Publicado: julio 27, 2025, 7:00 am

Son los últimos días de febrero y llueve a cántaros. El aguacero anima a un pescador de 53 años a decir, guarecido bajo un frondoso árbol a escasos metros del río Orinoco, que las cabañuelas un método ancestral para predecir el clima del año, extendido por la América hispana se están cumpliendo.
Por Armando Info | Amazon Underworld
El hombre prefirió no salir a pescar hoy en el enorme río Orinoco, el más caudaloso de Venezuela y el tercero del mundo. La lluvia mantiene en sus casas a los poco más de 1.500 habitantes del pequeño poblado de Santa Catalina, estado Delta Amacuro, que se levanta a orillas del brazo más grande del dédalo fluvial por el que el llamado río padre fluye hacia el océano Atlántico. El hombre no quiere que cese la lluvia. No por el bien que esta puede hacer a las tierras endurecidas por la sequía o al ganado disperso en la isla Tórtola, vecina a la comunidad, sino porque —piensa— quizás el chaparrón, a veces llovizna, “disipe las malas energías” y calme un poco el ahora convulso lugar. Las malas energías no siempre predominaron en la comarca.

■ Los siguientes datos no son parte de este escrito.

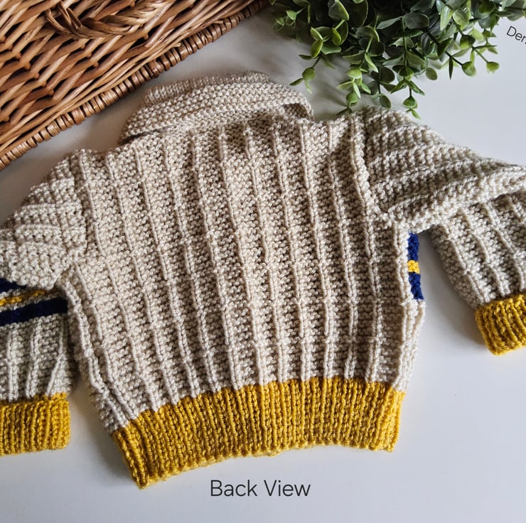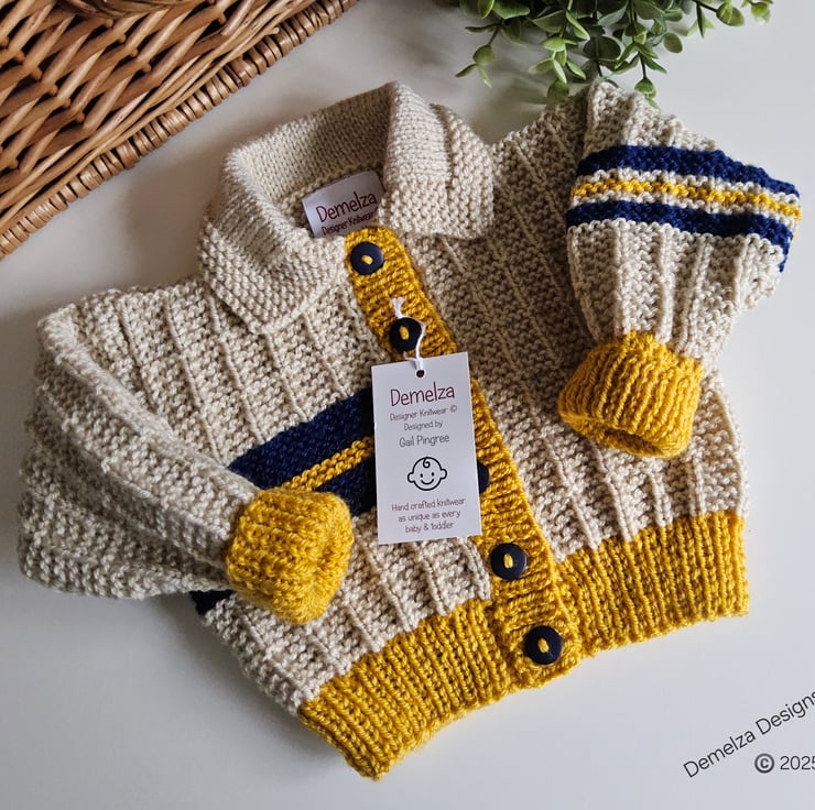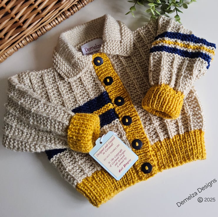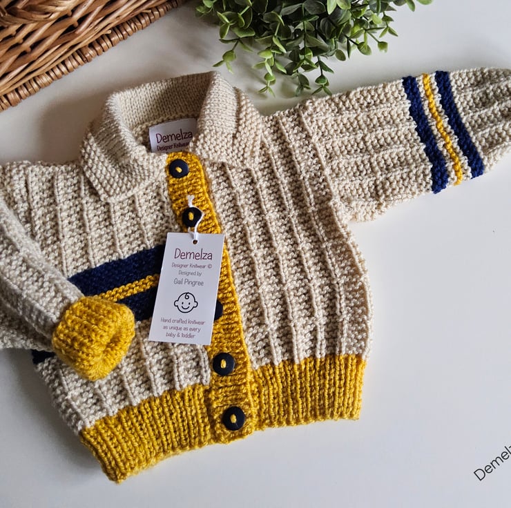 This cosy warm baby cardigan has been lovingly designed and hand crafted in Cornwall using quality branded premium machine washable acylic yarns. The colours are very trendy to go with any baby boys wardrobe collection.

En 1897, James E. York, gerente de la empresa de origen estadounidense, Orinoco Iron Company, luego de un viaje a Santa Catalina, reportó que nunca había visto depósitos de hierro de tan alto grado como los del lugar, “ni siquiera en la cordillera de Mesaba en Minnesota”, según relata Luis Ugalde, teólogo y filósofo jesuita, ex rector de la Universidad Católica Andrés Bello (UCAB), en sus estudios sobre los proyectos de colonización en los siglos XVIII y XIX de la Guayana venezolana, región selvática del país al sur del Orinoco.
“La cualidad del mineral es muy superior al de España y África con los que entrará en competencia”, se entusiasmaba York en un artículo de ese año en el Venezuelan Herald, un diario de fines del s. XIX. Se avizoraba, en la misma pieza periodística citada por Ugalde, un “futuro color de rosa” y “una prosperidad hasta ahora desconocida en el Territorio Delta”, una región agreste y casi inexpugnable, cruzada por decenas de caños. En línea con los pronósticos de York, el lugar de Santa Catalina, un poblado misional fundado en el s. XVIII, fue designado como el corazón de la nueva explotación, donde la compañía construiría su sede y un hotel de dos pisos y dos alas, que sumaban 23 habitaciones.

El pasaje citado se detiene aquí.